The carry pattern is an idiomatic use of read bindings for cross-block context continuity. Pass a mutable object (e.g., list[str]) as a read binding (<carry>) and instruct the LLM to mutate it in-place via nh_eval. Read bindings prevent rebinding, so the caller's reference is preserved while the object contents are updated.

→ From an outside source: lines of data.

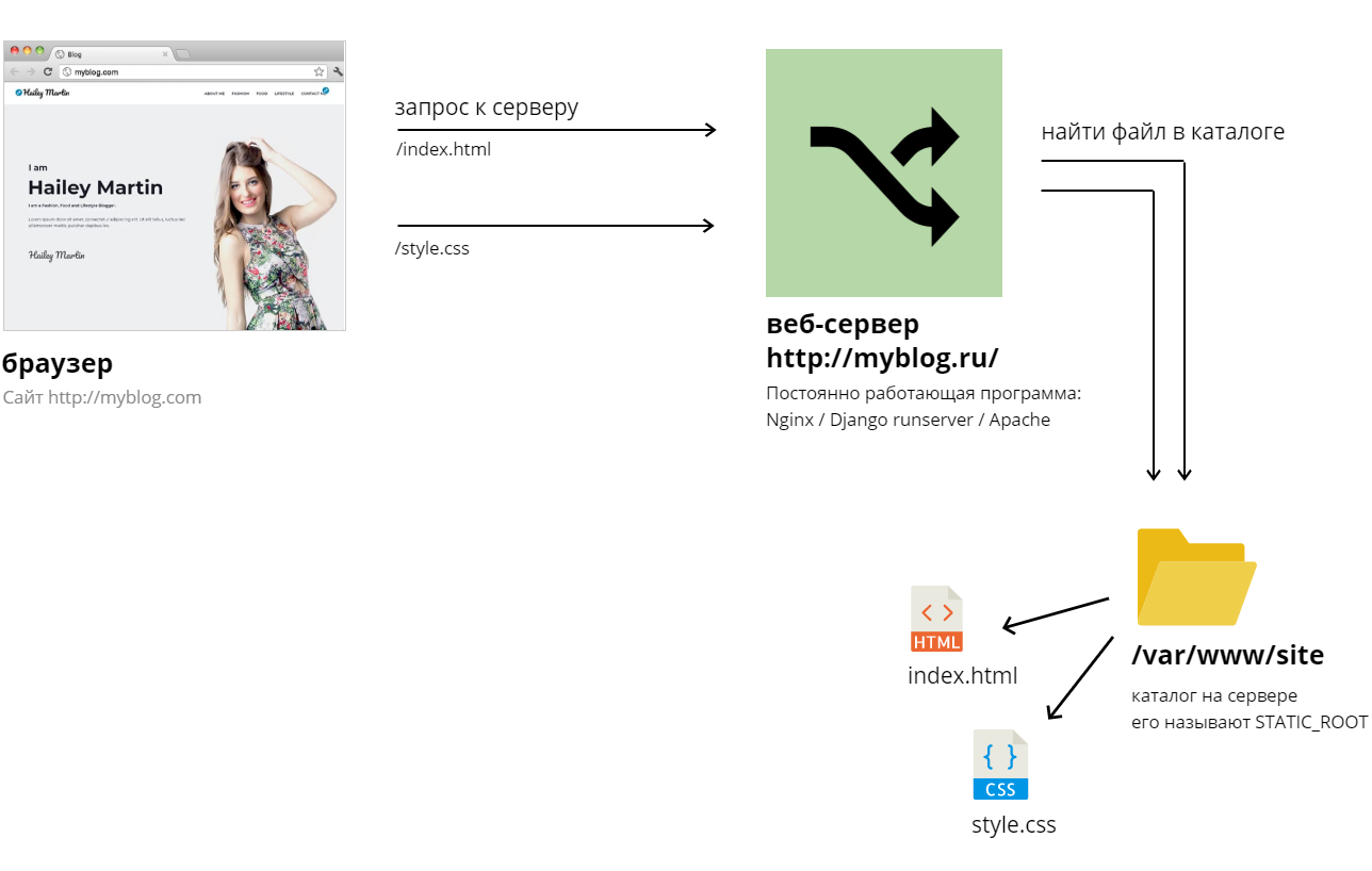 Самый простой вид сайтов — это статический сайт. Такой сайт состоит из одного HTML файла и нескольких подключаемых ресурсов — файлов статики. Чтобы опубликовать статический сайт в интернете, нужен веб-сервер, который:
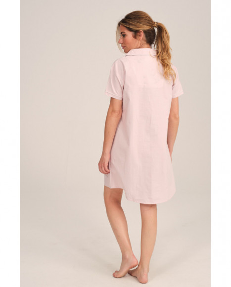 Camisón para mujer en color rosa pastel, diseñado con un estilo relajado y cómodo. Presenta un cuello clásico, botones frontales y un bolsillo en el pecho, ideal para descansar con estilo. Su tejido ligero lo convierte en una opción perfecta para cualquier temporada.
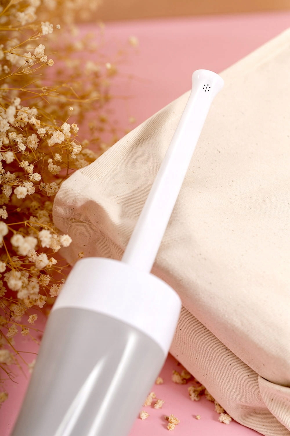 Відкрутіть ковпачок і витягніть насадку для душа. Зафіксуйте його в гайці. Наповніть пляшечку теплою водою або іншим розчином для інтимної гігієни. Використовуйте міні-душ у перевернутому положенні, насадкою донизу. Після використання злийте з флакона залишки рідини, промийте його проточною водою та вимийте насадку для душа з милом.
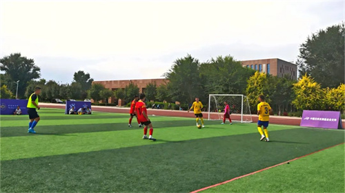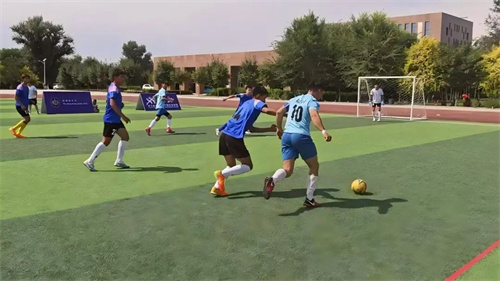 圖注:一二九團啟程競技足球隊(深藍上衣)對壘烏蘇市F1足球隊(淺藍上衣)。
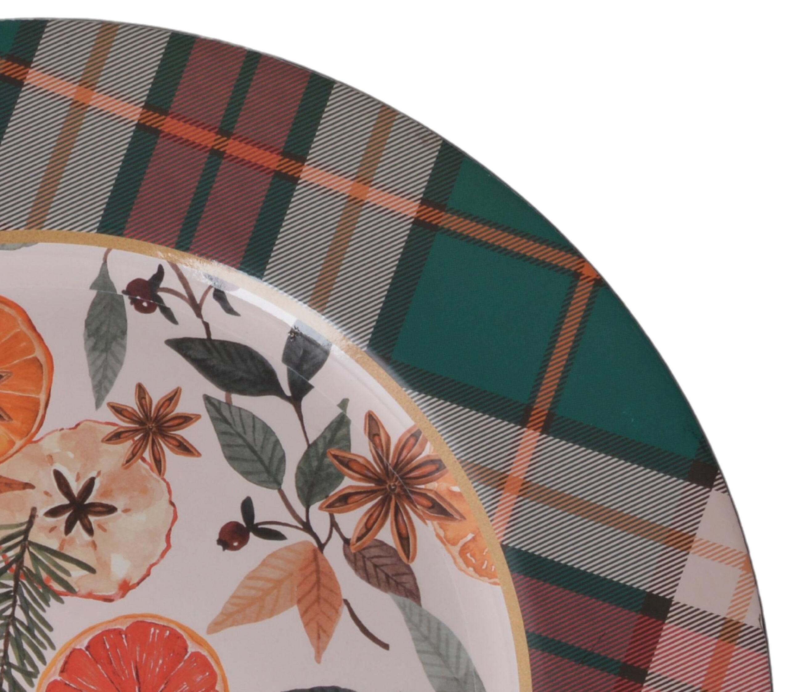 Podtalerz MARIE z owocami to elegancki element dekoracyjny, który doda uroku każdemu stołowi. Podtalerz ma wzór w kratę w odcieniach zieleni, czerwieni i beżu, co nadaje mu klasyczny wygląd. Na środku podtalerza znajduje się piękny motyw owoców i liści w odcieniach pomarańczowego, zielonego i brązowego. Wzór przedstawia różnorodne owoce, takie jak pomarańcze i gwiazdy anyżu, otoczone liśćmi i gałązkami. Ten podtalerz jest idealny na specjalne okazje, takie jak święta, uroczyste kolacje czy spotkania rodzinne, dodając elegancji i stylu każdemu nakryciu stołu.
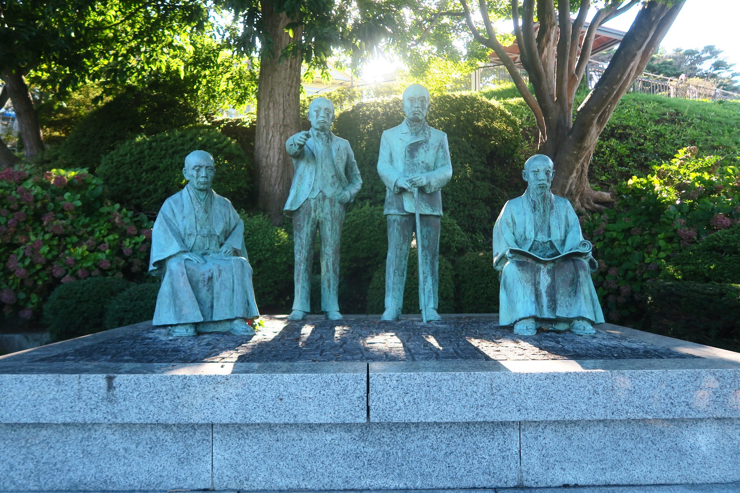 かつては政治の中心であった基坂上の元町公園へ。幕府の蝦夷地直轄時代には「函館奉行所」が置かれ、当時警備薬の津軽藩や南部藩の陣屋も近隣にありました。いざ開港が決まると、この見晴しのいい奉行所の位置は、外国船からの砲撃という危機感を生み、市街地から離れて「五稜郭」が築城されました。公園内には明治期の函館の発展に尽力した4人の財界人、左から今井市右衛門(北摂社)・平田文右衛門(廣島屋)・渡邊熊四郎(金森洋物店)・平塚時蔵(函館新聞)のブロンズ像の函館四天王像があります。
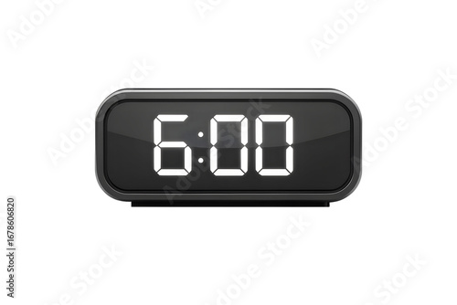 Digital alarm clock with glowing LED display showing 6:00, isolated on white background.
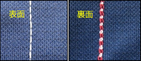 図12 偏平縫いの一例(2本針片面飾り縫い)
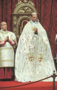 The mantum or papal mantle differs little from an ordinary cope except that it is somewhat longer, and is fastened in the front by an elaborate morse. In earlier centuries it was red in colour; red, at the time being the papal colour rather than white. In the eleventh and twelfth centuries the immantatio, or bestowal of the mantum on the newly elected pope, was regarded as specially symbolical of investiture with papal authority: Investio te de papatu romano ut praesis urbi et orbi, "I invest you with the Roman papacy, that you may rule over the city and the world" were the words used in conferring it at the papal coronation. After the Second Vatican Council and the pontificate of Pope Paul VI, the longer mantum fell out of use. His successors have instead used a cope in its place. Some old mantums were converted to copes by being shortened, such as during the pontificate of Pope Benedict XVI.
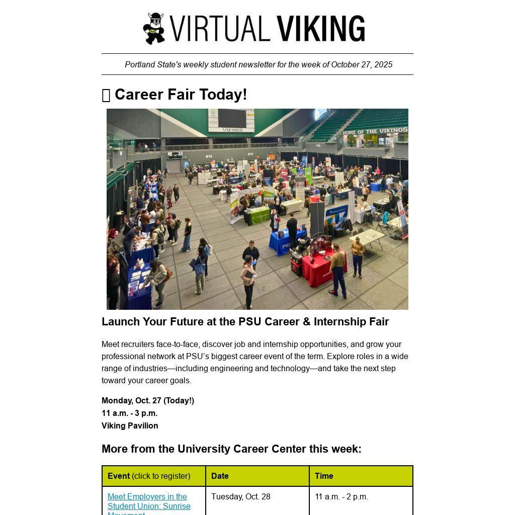 Virtual Viking is Portland State University's student newsletter, published weekly by University Communications. To submit a news item or event, email virtualv@pdx.edu.
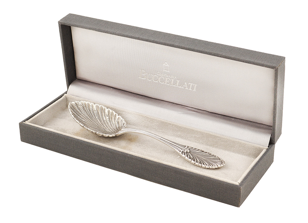 Gianmaria Buccellati Italia, XX Sec. peso 38 gr. cucchiaino in argento 925 finemente cesellato a motivi vegetali, entro scatola originale, lunghezza 13,5 cm.

For practical examples and design tips, see Tutorial Section 5.

13. Error handling

Nighthawk defines a hierarchy of exceptions rooted at NighthawkError.

Exception hierarchy:

  • NighthawkError: Base class for all Nighthawk exceptions.
    • Raised when: runtime preconditions fail (e.g. no active run context, missing step executor).
  • NaturalParseError(NighthawkError): Natural block parsing or frontmatter parsing failed.
    • Raised when: the sentinel is missing, bindings are invalid, frontmatter YAML is malformed, or AST extraction fails.
  • ExecutionError(NighthawkError): Natural block execution failed.
    • Raised when: the LLM returns invalid JSON, an outcome kind is disallowed, return value validation fails, or raise outcome is triggered without a matching exception type.
  • ToolEvaluationError(NighthawkError): Expression evaluation inside a tool call failed.
    • Raised when: eval() raises during nh_eval or nh_assign expression evaluation.
  • ToolValidationError(NighthawkError): Type validation/coercion failed during nh_assign.
    • Raised when: the assigned value does not match the expected binding type.
  • ToolRegistrationError(NighthawkError): Tool registration failed.
    • Raised when: a tool name is invalid, or a name conflict occurs without overwrite=True.

All exceptions are surfaced as Python exceptions and can be caught with standard try/except.